━━ DATA BLOCK ━━

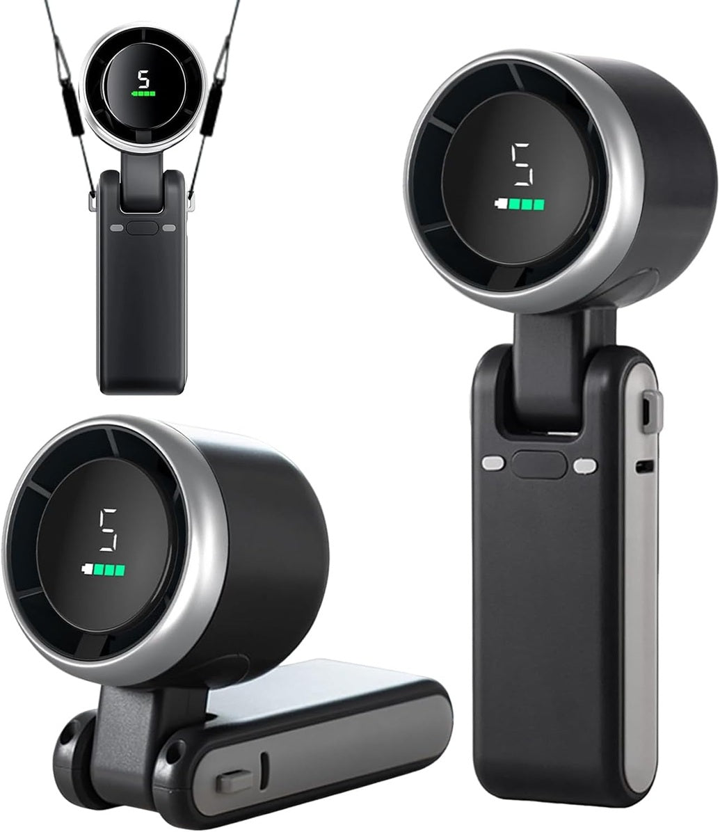 Mantente fresco en cualquier lugar con este moderno ventilador portátil de diseño plegable. Compacto, elegante y con pantalla digital inteligente que muestra velocidad y nivel de batería para un control total. Perfecto para trabajo, viajes, actividades al aire libre o uso en casa.
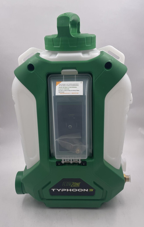 FLOWZONE TYPHOON3 LITHIUM-ION BATTERY-POWERED BACKPACK SPRAYER 4 GALLON This item is new in an opened box as shown.
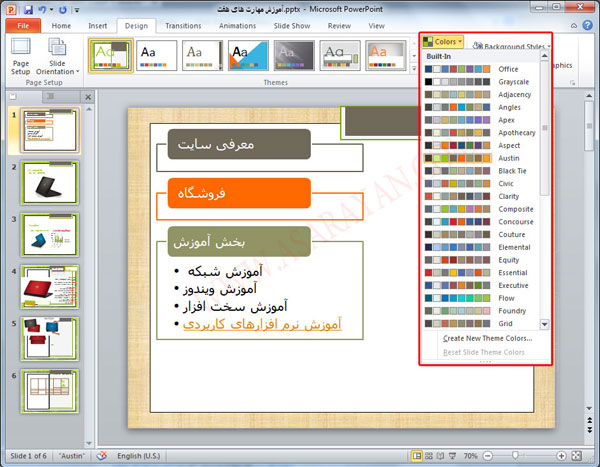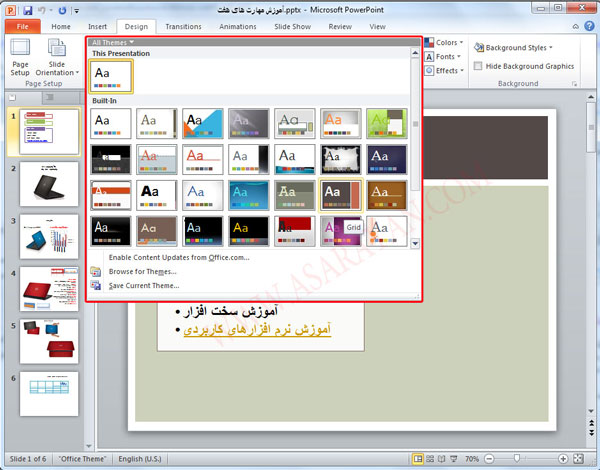 2. اما مهمترین بخش در تب Design قسمت Themes می باشد . شما در این بخش می توانید
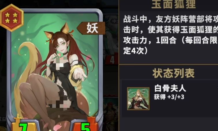 如果对方的阵营中出现了比我防血量还要强大的敌人,且他的攻击力也很大时,就可以让玉面狐狸出场,他能够消灭大身材单位的敌人,通过叠加的方式对敌人产生更强的伤害,虽然他的毒杀技能非常强大,但是对于王翦这样的圣盾卡牌还是有一定制约因素的,是不能够直接进行毒杀的。

━━━

→ **ACTION ITEM**
Write out, exactly as they appear, the lines from the one containing "2. اما مهمترین" through the end of the material above, excluding pictures.

→ **OUTPUT BELOW**
 2. اما مهمترین بخش در تب Design قسمت Themes می باشد . شما در این بخش می توانید
 如果对方的阵营中出现了比我防血量还要强大的敌人,且他的攻击力也很大时,就可以让玉面狐狸出场,他能够消灭大身材单位的敌人,通过叠加的方式对敌人产生更强的伤害,虽然他的毒杀技能非常强大,但是对于王翦这样的圣盾卡牌还是有一定制约因素的,是不能够直接进行毒杀的。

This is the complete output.